Cache: a safe place for hiding or storing things.
Webster's New World Dictionary of the American Language, Second College Edition (1976)

A cache, in computer terms, is usually a "nearby" place where a copy of "far away" data is kept. This caching behavior is done for a fundamental reason: performance. There are many common types of caches:

DNS (Internet name server) caches
Web caches
File system caches
CPU caches

In this lecture, we are primarily concerned with the last of these.

Fig. 5.1 from H-P,
memory levels in a
computer

Fig. 5.2 from H-P,
Processor/Memory
performance gap

This is the point where I admit that last week I told a white lie: in the MEM stage of the pipeline, results came back from memory in one clock cycle. In reality, they don't. We need to discuss cache hits and cache misses, hit time and miss penalty.

With those values, we can determine the actual average CPI and expected execution time for a program.

Basic Fixed-Block Size Cache Organizations: Four Questions

Where can a block be placed in the upper level?
In hardware, caches are usually organized as direct mapped, set associative, or fully associative.
How is a block found if it is in the upper level?
Generally, an address is divided into the block address and the block offset. The block address is further divided into the tag and the index.
The AMD Opteron processor uses a 64KB cache, two-way set associative, 64 byte blocks.
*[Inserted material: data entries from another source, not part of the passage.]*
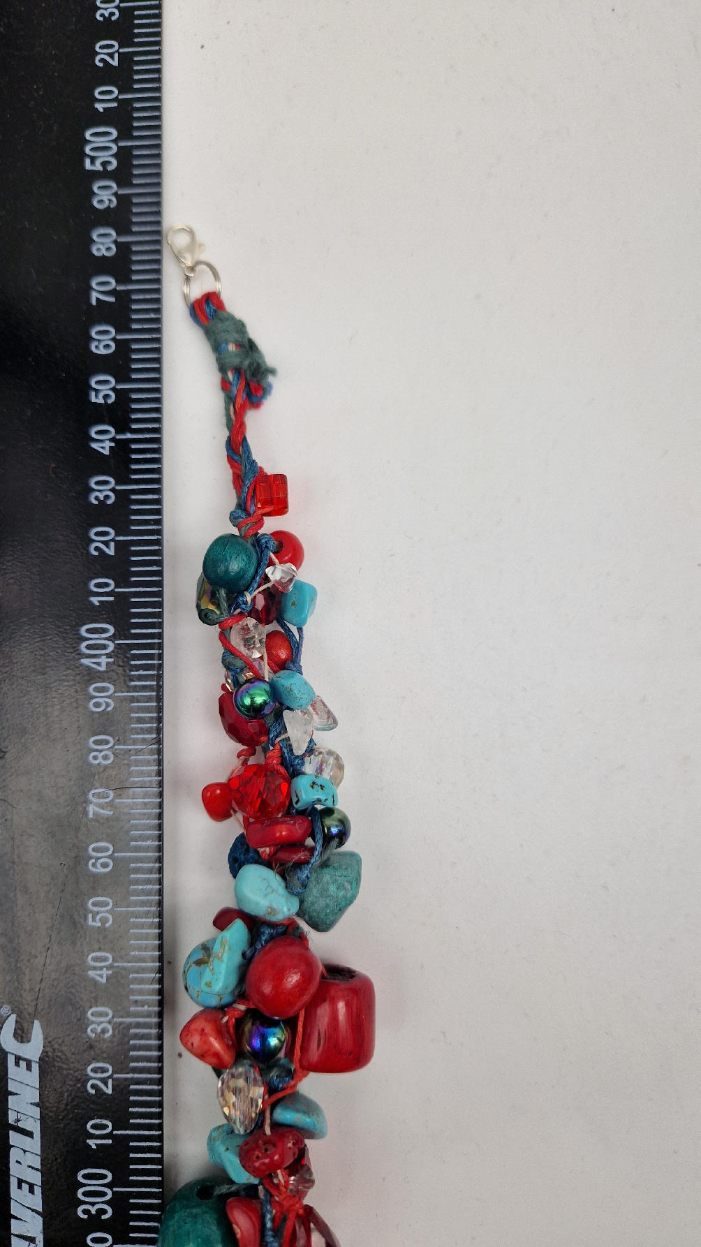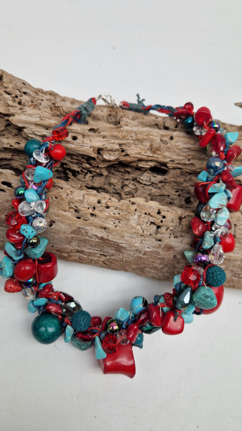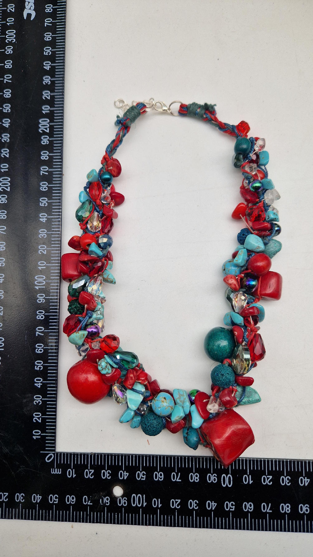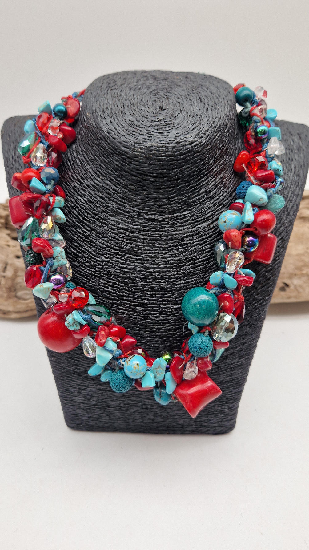 Zwariowany, mega-kolorowy naszyjnik zrobiony z czerwonych korali o różnych kształtach, z turkusów, turkmenitów, poplątanych artystycznie z bawełnianym sznurkiem i gdzieniegdzie szklanymi koralikami, żeby było ciut blasku …taka czysta radość i energia
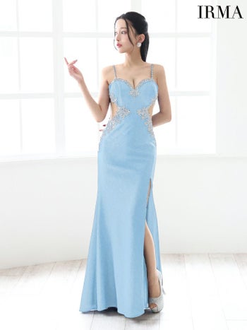大人の色気が溢れるデザイン♪ 【IRMA/イルマ】セクシー オープンバスト キャミソール くびれ透け ビジュー ラメニット スリット タイトロングドレス (51778)
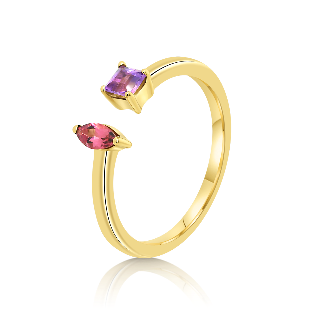 Inel din aur galben de 14K cu Turmalin și Ametist
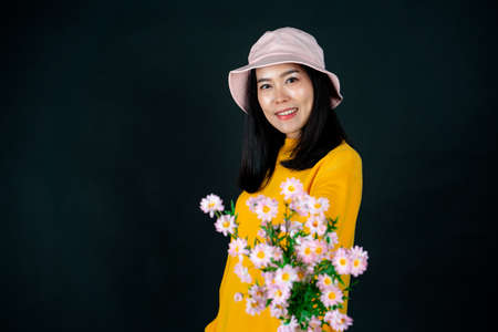 Portrait of an Asian woman in a clear yellow shirt holding flowers against a black background smiling happily in the studio looking at the camera.
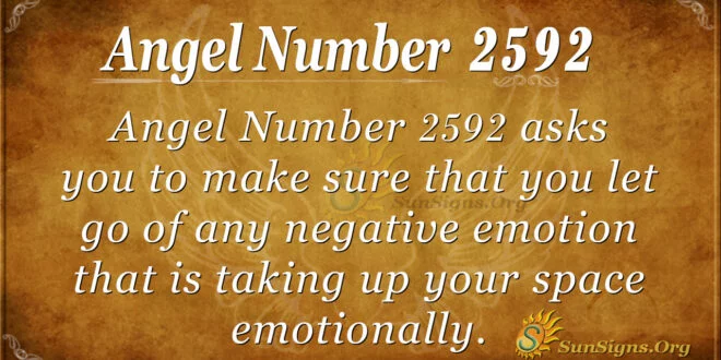 If you keep seeing 2592 everywhere, it is a sign that your guardian angels are concerned about you. Look at 2592 when this number appears to you. Afterward, you will understand why you should let go of any negative emotions in your mind. It is one way of beginning a new life.

Addresses are 40 bit physical addresses.
Which block should be replaced on a miss?
- Random
- Least-recently used (LRU)
- First in, first out (FIFO)
What happens on a write?
- Write through
- Write back
- Write allocate or no-write allocate?

Cache Performance

Above, we alluded to the change in system performance based on memory latency. The figure above and Fig. 5.28 in the text give a hint as to the typical latencies of some important memories:

Register: 250psec, 1 clock cycle
L1 cache: 1nsec, 1 to 4 clock cycles
L2 cache: a few nsec, 7-23 clock cycles
Main memory: 30-50nsec, 50-100 clock cycles!
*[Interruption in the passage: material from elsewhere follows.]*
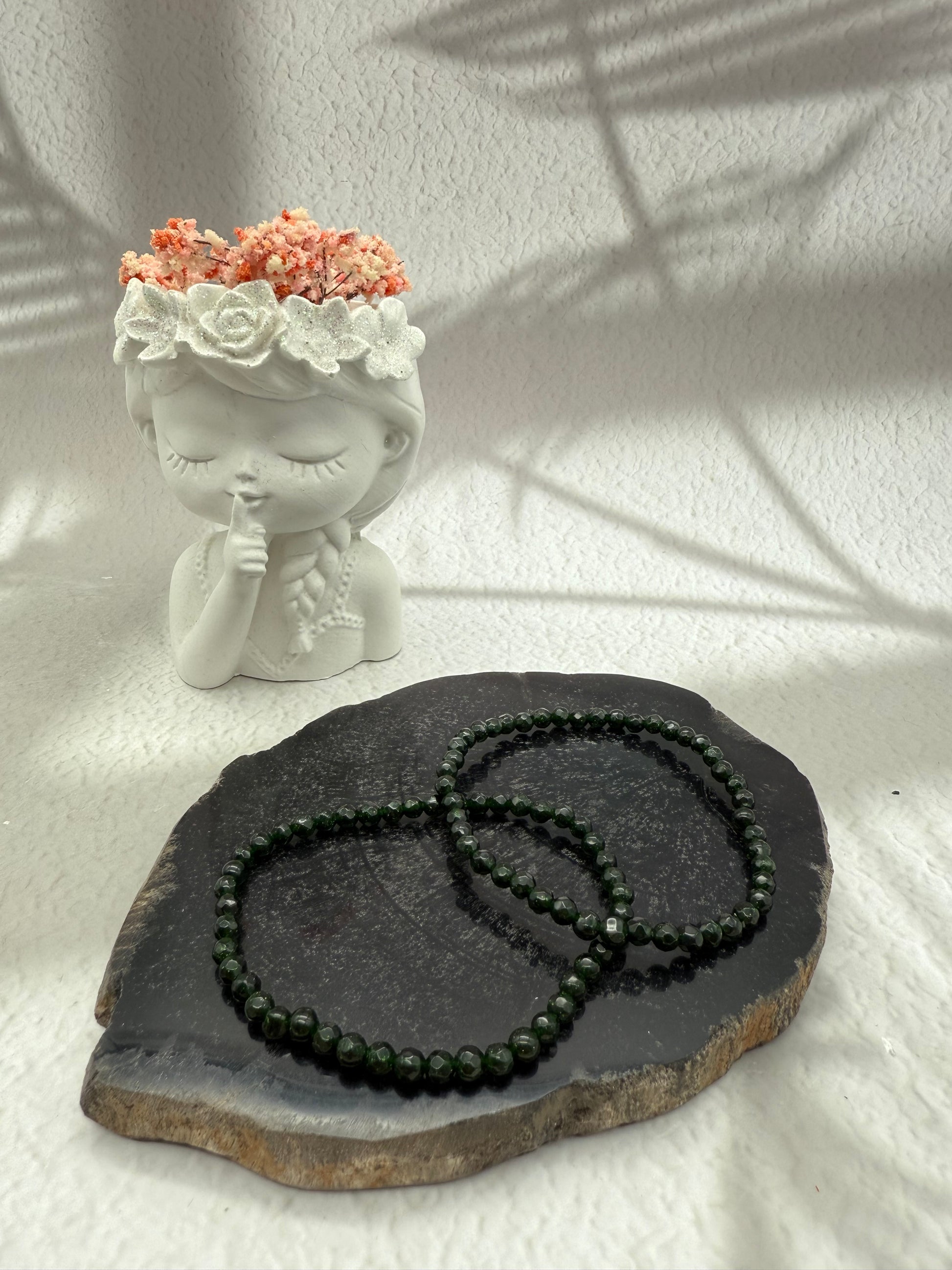 Grünfluss-Armband – Facettierte 4 mm Perlen auf Gummi

This list should make it extremely clear that a cache miss results in a very large miss penalty. The average memory access time then becomes:

Avg. memory access time

Hit time +
Miss rate × Miss penalty

Let's review the MIPS pipeline that we saw last week:

The MIPS Pipeline (Fig. A.17 in the text)

In our simple model of its performance, we assumed memory could be accessed in one clock cycle, but obviously that's not true. If the pipeline stalls here waiting on main memory, worst case, performance could drop by a factor of one hundred!

Fortunately, many processors support out of order execution, which allows other instructions to complete while a load is waiting on memory, provided that there is no data hazard.

It's obvious from that high miss penalty that cache hit rates must exceed 90%, indeed, usually are above 95%. Even a small improvement in cache hit rate can make a large improvement in system performance.

Six Basic Optimizations

Larger block size to reduce miss rate
Larger caches to reduce miss rate
Higher associativity to reduce miss rate
Multilevel caches to reduce miss penalty
Giving priority to read misses over writes to reduce miss penalty
Avoiding address translation during indexing of the cache to reduce hit time

Okay, Why?

So far, we have taken it as more or less given that caches are desirable. But what are the technological factors that force us to use multiple levels of memory? Why not just use the fastest type for all memory?

The principle reason is that there is a direct tradeoff between size and performance: it's always easier to look through a small number of things than a large number of things when you're looking for something. In computer chips, it's also not possible to fit all of the RAM we would like to have into the same chip with the CPU, in general-purpose systems; you likely have a couple of dozen memory chips in your laptop.

In standard computer technology, too, we have the distinction of DRAM versus SRAM. DRAM is slower, but much denser, and is therefore much cheaper. SRAM is faster and more expensive. SRAM is generally used for on-chip caches. The capacity of DRAM is roughly 4-8 times that of SRAM, while SRAM is 8-16 times faster and 8-16 times more expensive.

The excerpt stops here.